In-Class Assignment: Multiple Regression#
Day 14#
CMSE 202#
✅ Put your name here
#✅ Put your group member names here
#Goals#
By the end of today’s class, you’ll have practiced:
Loading and manipulated fixed width column data
Replacing/removing missing data entries
Performing multiple regression using all features and a reduced set of statistically significant features.
Agenda for today’s class:#
Imports#
import matplotlib.pyplot as plt
import numpy as np
import seaborn as sns
sns.set_context("notebook")
import pandas as pd
import statsmodels.api as sm
1. Working with more unfamiliar data#
We are going to work with some data generated by U.N.E.S.C.O. (United Nations Education, Scientific, and Cultural Organization) and data they collected relating to poverty and inequality in the world. There are two files you need to do the work:
poverty.datwhich is the data file itselfpoverty.txtwhich describes the data columns as fixed width column data. That is, this file describes the columns of the data for each category. For example, the data in columns 1-6 ofpoverty.datcontain the “live birth rates per 1,000 population”.
You can download the files from here:
https://raw.githubusercontent.com/msu-cmse-courses/cmse202-supplemental-data/main/data/poverty.dat
https://raw.githubusercontent.com/msu-cmse-courses/cmse202-supplemental-data/main/data/poverty.txt
How does one deal with a “fixed width column” data file?#
Conveniently there is a fixed width column pandas data reader. Look it up and read in the data. Check with your group members to make sure every can find the right function to use!
Again we find ourselves with a data file does doesn’t contain any column headers (argh!). Take a look at the poverty.txt file for column information and give the columns in your Pandas DataFrame short, but useful names.
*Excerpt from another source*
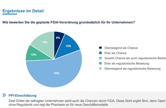 Die Marktanalyse "FiDA Blitz" ist das erste Stimmungsbarometer der PPI AG zur kommenden FiDA-Verordnung. 31 Experten aus Versicherungen, Maklerbetrieben und sonstigen Vertriebsorganisationen beantworteten 13 Fragen zum eigenen Aufgabenfeld im Unternehmen, zum Unternehmen selbst und zum Themenkomplex FiDA. Die Ergebnisse der Marktanalyse können auf der Webseite der PPI AG gegen Angabe der Kontaktdaten heruntergeladen werden. Mehr Informationen:

✅ Do This: Read the data into a DataFrame and display the head() of the DataFrame. Remember that you can set the column labels by setting the .columns attribute to a list with the appropriate column labels.
# put your code here
1.1 Examining the “type” of the data#
✅ Questions: Now look at the .dtypes of your DataFrame and comment on anything that doesn’t immediately make sense to you. Do all of the columns have a type that matches your expectations? If not, what is it about the values in the DataFrame that is causing this?
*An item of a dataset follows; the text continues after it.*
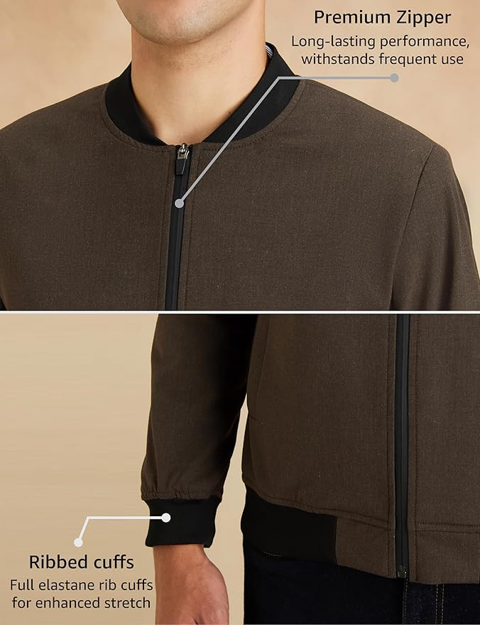 Smart Casual Jacket featuring non quilted stretchable lining for ease of movement Enjoy effortless comfort all day, with wrinkle-resistant fabric Premium blended fabric of polyester, viscose, and elastane High-performance ribbing with elastane for enhanced fit and recovery Sleek, sophisticated, and stylish: The perfect jacket for formal occasions

✎ Do this - Erase this and put your answer here.
1.2 Handling missing data - Imputation#
Let’s face it, sometimes data is bad. Values are not recorded, or are mis-recorded, or are so far outside of your expectations that you suspect that there is something wrong. On the other hand, just changing the data seems like cheating. We have to work with what we have, and if we have to make changes it would be good to do that programmatically so that it is recorded for others to see.
The process of imputation is the statistical replacement of missing/bad data with substitute values.
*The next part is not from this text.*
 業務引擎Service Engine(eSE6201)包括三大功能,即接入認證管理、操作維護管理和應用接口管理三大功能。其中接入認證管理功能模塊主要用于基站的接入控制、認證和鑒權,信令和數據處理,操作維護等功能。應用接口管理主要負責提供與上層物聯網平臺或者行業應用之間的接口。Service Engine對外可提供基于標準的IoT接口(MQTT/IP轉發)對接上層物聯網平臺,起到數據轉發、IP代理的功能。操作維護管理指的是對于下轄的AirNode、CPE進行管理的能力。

It turns out that we have a case of missing data in our dataset! In the Gross National Product (GNP) column some of the values are set to “ * “ indicating missing data. When Pandas reads in the column the only type that makes sense when both characters and numbers are present is a string. Therefore Pandas chose to set the type to object instead of the expected int64 or float64.
Using numpy.nan as a replacement#
For better or worse, pandas assumes that “bad values” will be marked in the data as NaN which it can then represent using NumPy’s “nan”. NaN is short for “Not a Number”.
If we can mark the missing data with “NaN” instead of “*”, we will have access to some of the imputation methods, which would allow us to replacing the NaN values with various substitution values (e.g. mean, median, specific value, etc.).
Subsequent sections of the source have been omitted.